Japan’s Core Inflation Slows to 2-Year Low, Complicates BOJ Rate-Hike Timing

Reuters
A woman looks at items at a shop in Tokyo, Japan, March 24, 2023.

TOKYO, Feb 20 (Reuters) – Japan’s annual core consumer inflation hit 2.0% in January, marking the slowest pace in two years, data showed on Friday, suggesting weakening cost-push pressure that could complicate the central bank’s decision on how soon to raise interest rates.

The year-on-year increase in the core consumer price index, which excludes volatile fresh food costs, matched a median market forecast and slowed from a 2.4% gain in December.

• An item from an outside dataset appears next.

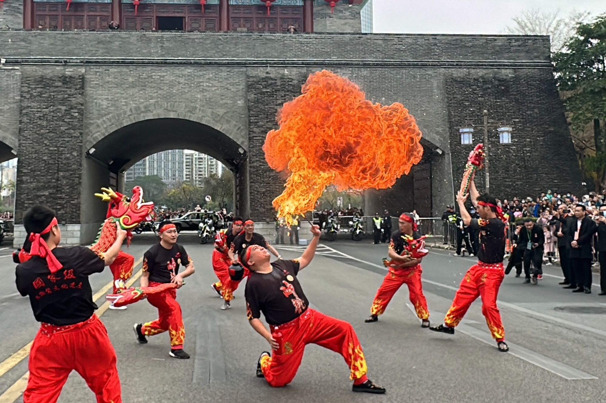 “醉龙喷火”瞬间(央广网见习记者 罗世伟 摄)

The data is in line with the Bank of Japan’s projection that core consumer inflation will briefly slow below its 2% target due to the base effect of last year’s spike.

A separate index stripping away both fresh food and fuel prices, which is closely watched by the BOJ as a better indicator of demand-driven inflation, rose 2.6% in January after a 2.9% gain in December. It marked the slowest annual pace of rise since February 2025.

The BOJ ended a decade-long, massive stimulus in 2024 and raised interest rates in several steps including in December on the view Japan was making steady progress in durably achieving its 2% inflation target.

A majority of economists polled by Reuters expect the central bank to raise its key interest rate to 1% from the current 0.75% by end-June.